Find the line with "Bellissima blusa estiva" in the entries below, then output every line from it down to the line with "最後の階段はかなり急なのでクサリを使用するなど慎重に登りましょう。", exactly and with no pictures.

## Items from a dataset

────────

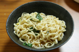 ・麺がほぐれてきたら緑茶葉を2つまみ入れる
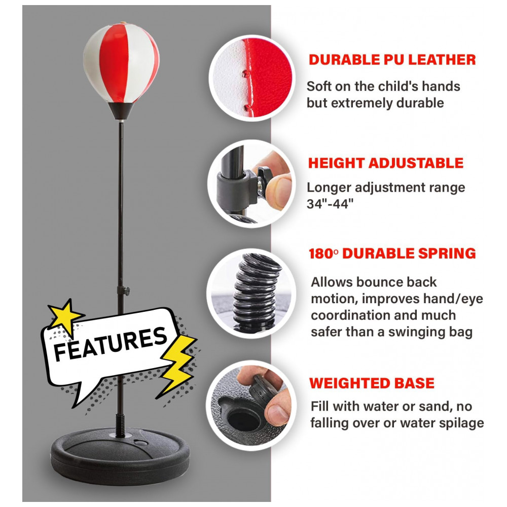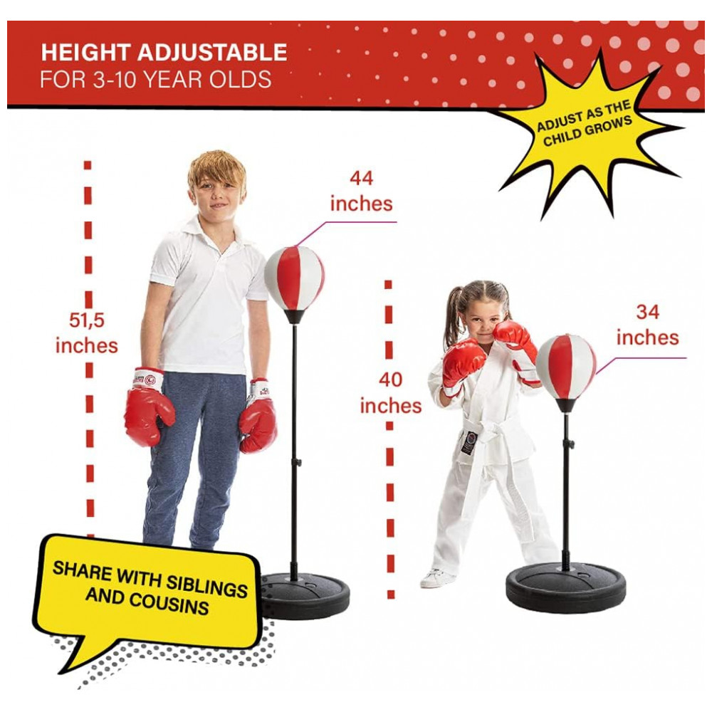 whoobli Kit de Saco de Pancada Infantil Ajustável com Luvas de Boxe – Brinquedo Esportivo para Crianças de 3 a 10 Anos Vermelho e Branco
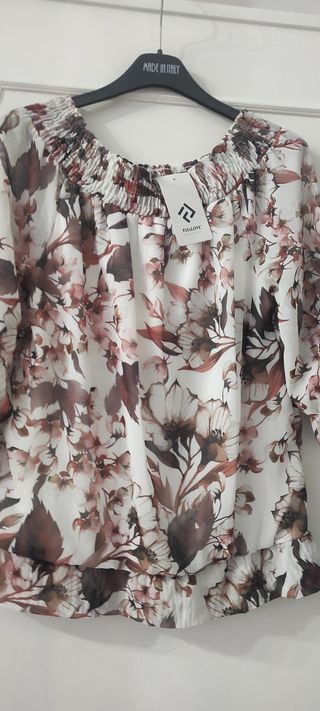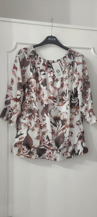 Bellissima blusa estiva a fiori, leggera e ariosa. Perfetta per le giornate calde. - Modello a maniche lunghe. - Scollo a barca. - Dettaglio con coulisse sul davanti. - Elastico in vita. - Stampa floreale romantica.
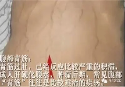 2.腹部青筋,俗话说;“青筋过肚”。这已经是比较严重的积滞;成人肝硬化腹水,肿瘤后期。腹部青筋往往是比较难治的疾病。
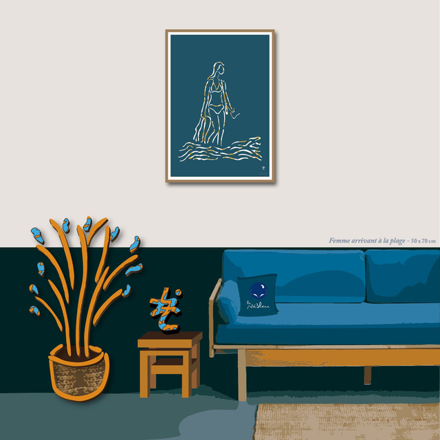 AF03 "Femme arrivant à la plage" 50x70 cm
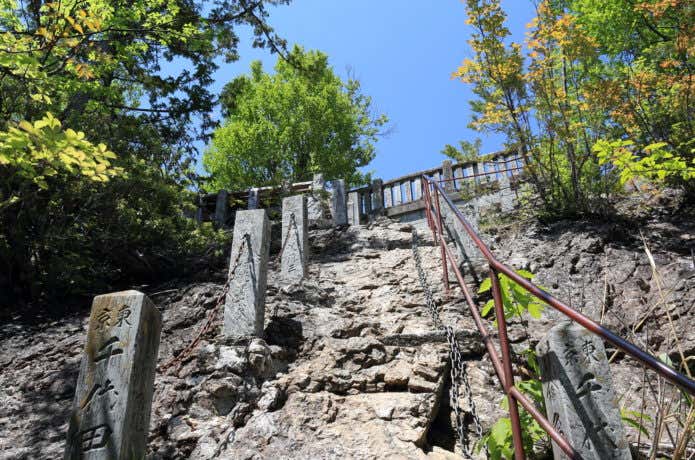 最後の階段はかなり急なのでクサリを使用するなど慎重に登りましょう。
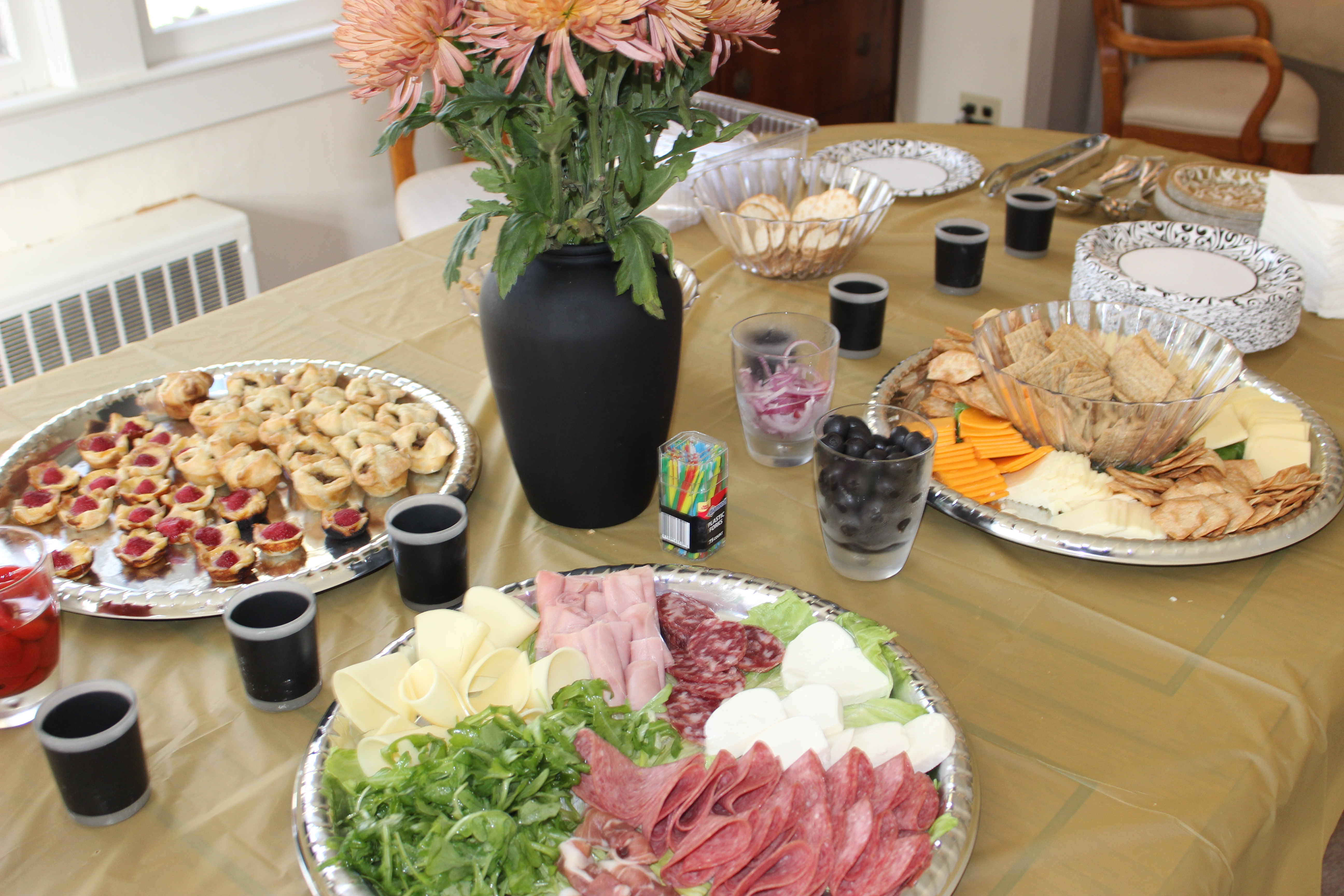 If any of you followed my previous blogging years, you probably are familiar with my Essentials of Classic Italian Cooking posts and know that  I’m something of a foodie. (Unashamedly so, really. I just love good food!) So, I was thrilled by the smorgasbord of delicious food we had for our guests, which included things like antipasto platters, brie and raspberry in puff pastry, stuffed mushroom puffs, Caprase salad, and bourbon-brown sugar  candied bacon…
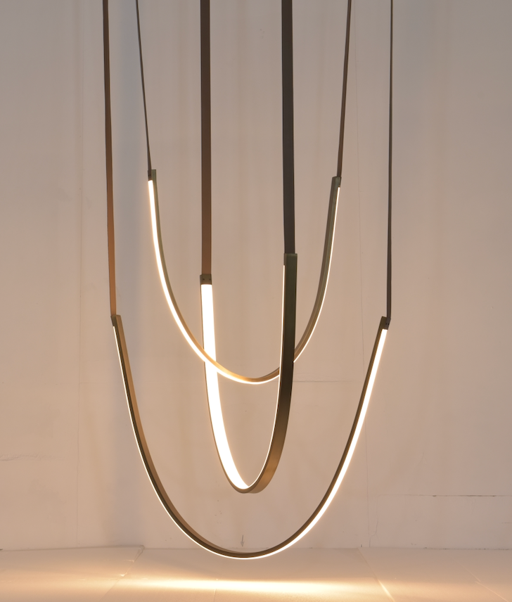 LA LÁMPARA CON UN DISEÑO INNOVADOR EN COLOR DORADO, QUE GRACIAS A SU SISTEMA LUMINOSO FLEXIBLE PODRÁ SER CONFIGURADO EN CUALQUIER FORMA DESEADA.
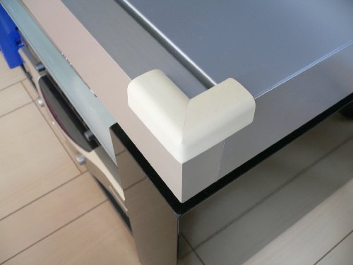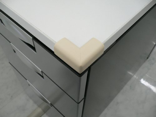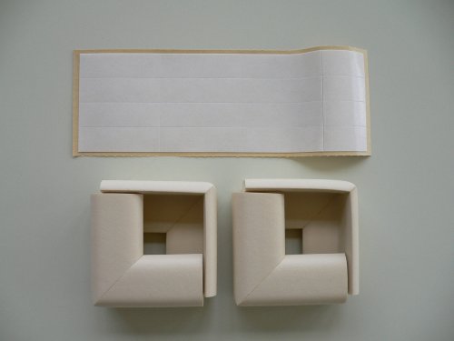 テーブルの角やテレビ台の角などに、付属の両面テープで簡単に取り付けできる。
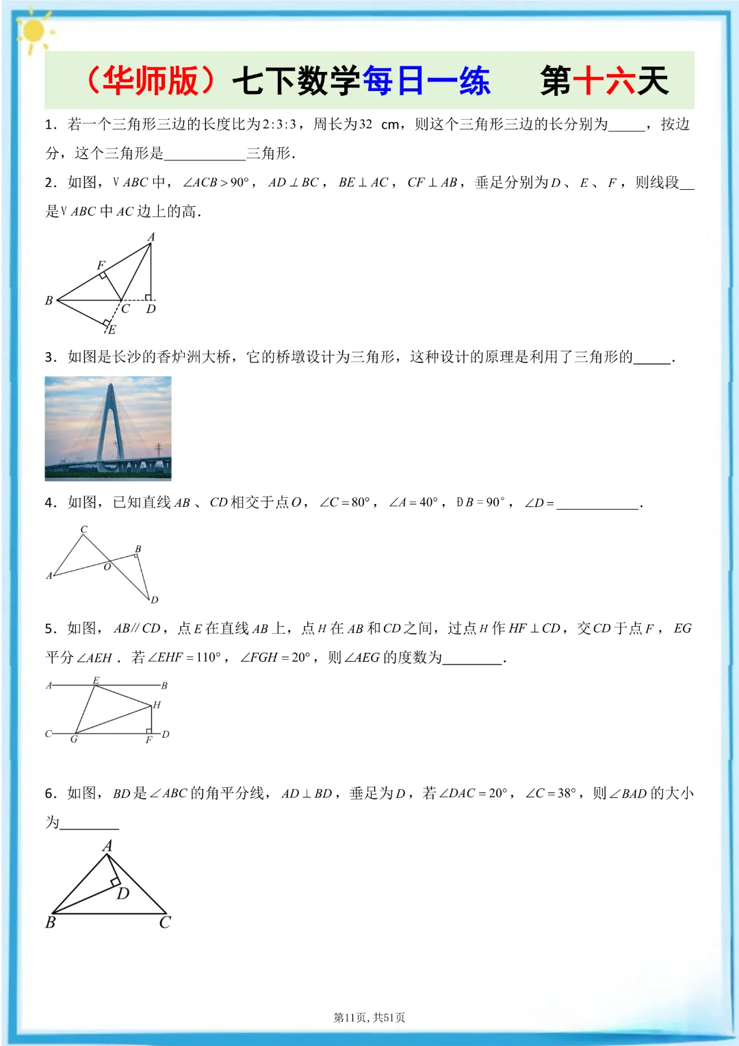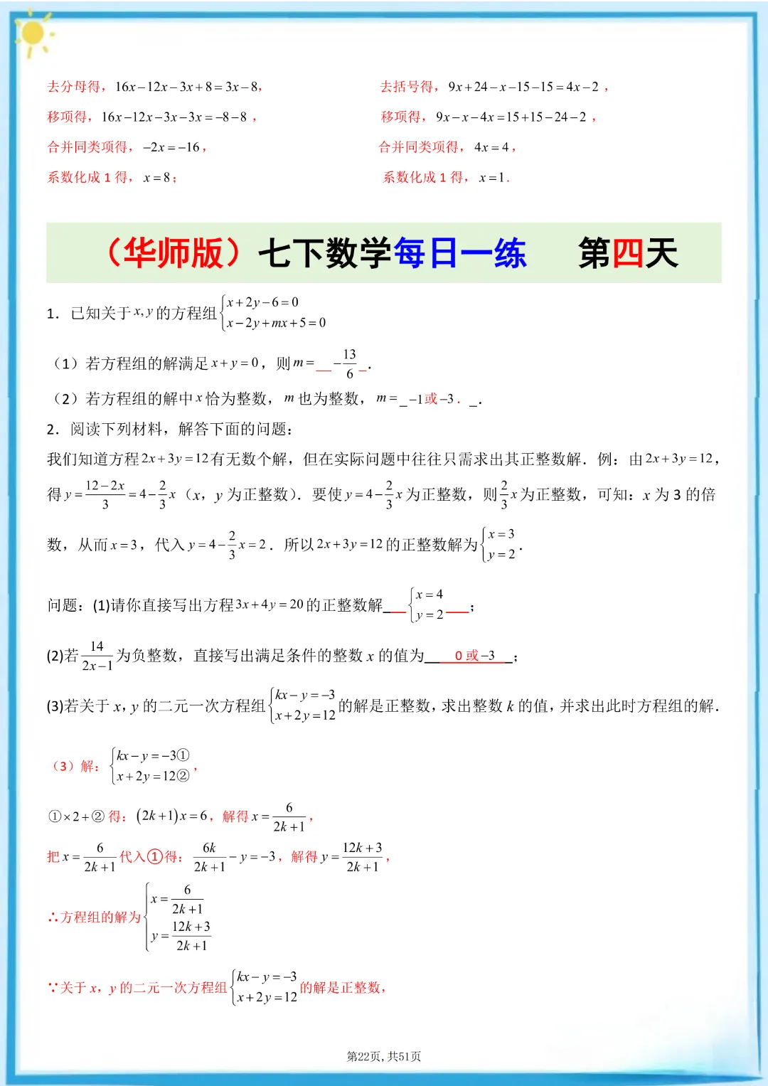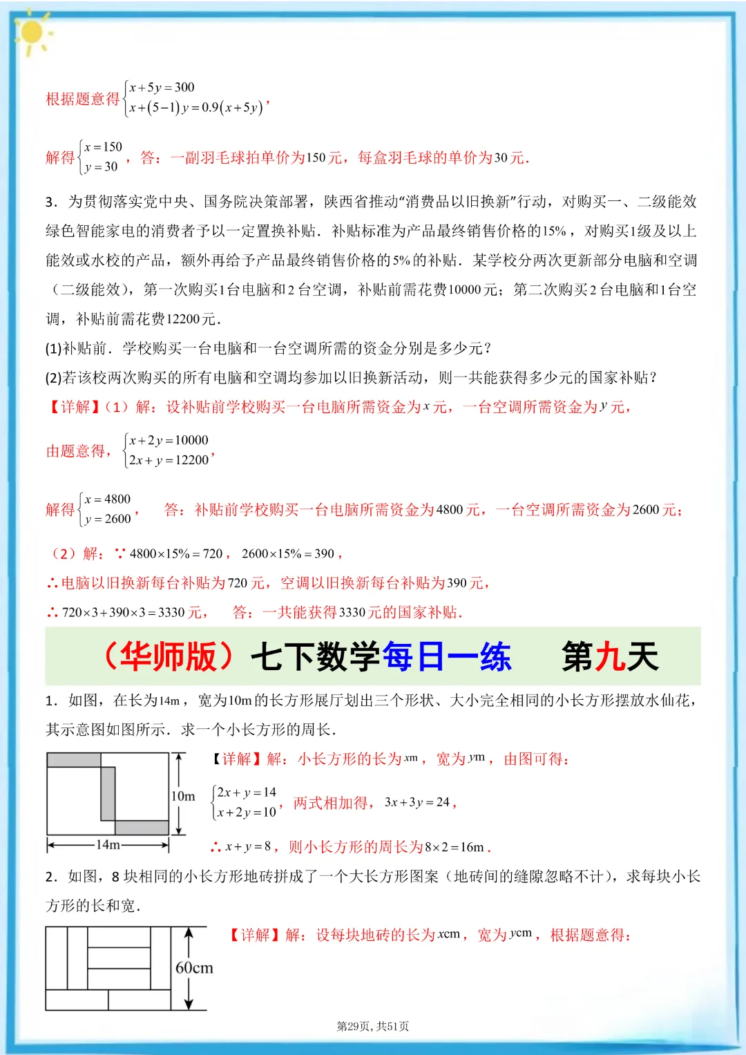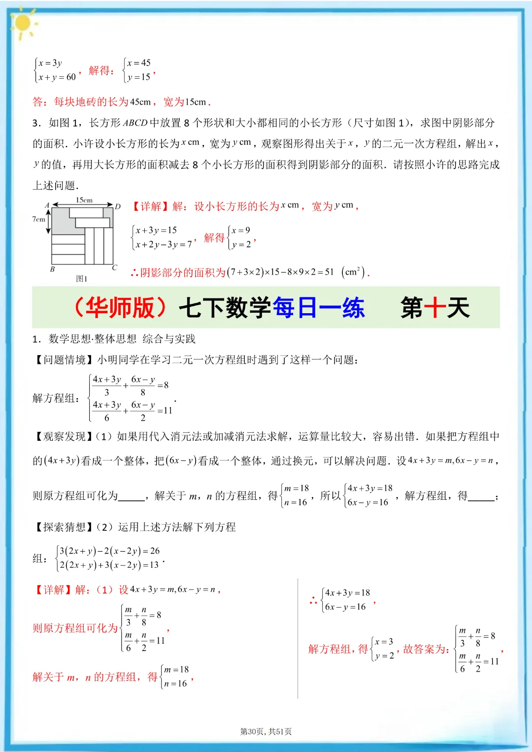 🌟今天给家长们分享的是:26春七年级下册数学【华东师大版】每日一练附解析 完整高清电子版可打印
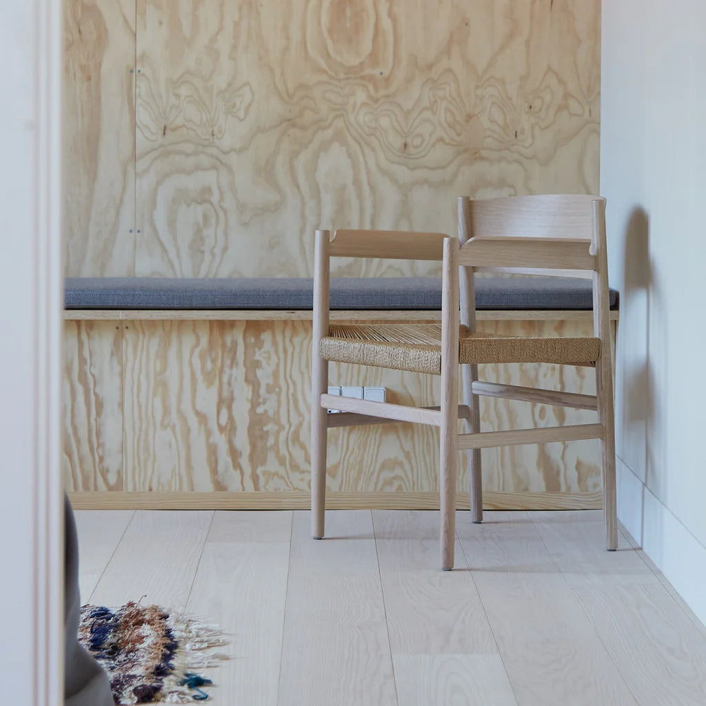 Der Armlehnstuhl Nestor von Mater ist ein elegantes und nachhaltig produziertes Möbelstück, das von Tom Stepp entworfen wurde. Inspiriert von den klassischen Shaker-Traditionen verbindet der Stuhl minimalistisches Design mit hochwertigen, natürlichen Materialien wie FSC®-zertifiziertem Eichenholz und handgewebtem Papierseil. Dieses ökologische Konzept unterstreicht Maters Fokus auf nachhaltige und umweltfreundliche Produktion.

────────

## ANSWER SECTION
 Bellissima blusa estiva a fiori, leggera e ariosa. Perfetta per le giornate calde. - Modello a maniche lunghe. - Scollo a barca. - Dettaglio con coulisse sul davanti. - Elastico in vita. - Stampa floreale romantica.
 2.腹部青筋,俗话说;“青筋过肚”。这已经是比较严重的积滞;成人肝硬化腹水,肿瘤后期。腹部青筋往往是比较难治的疾病。
 AF03 "Femme arrivant à la plage" 50x70 cm
 最後の階段はかなり急なのでクサリを使用するなど慎重に登りましょう。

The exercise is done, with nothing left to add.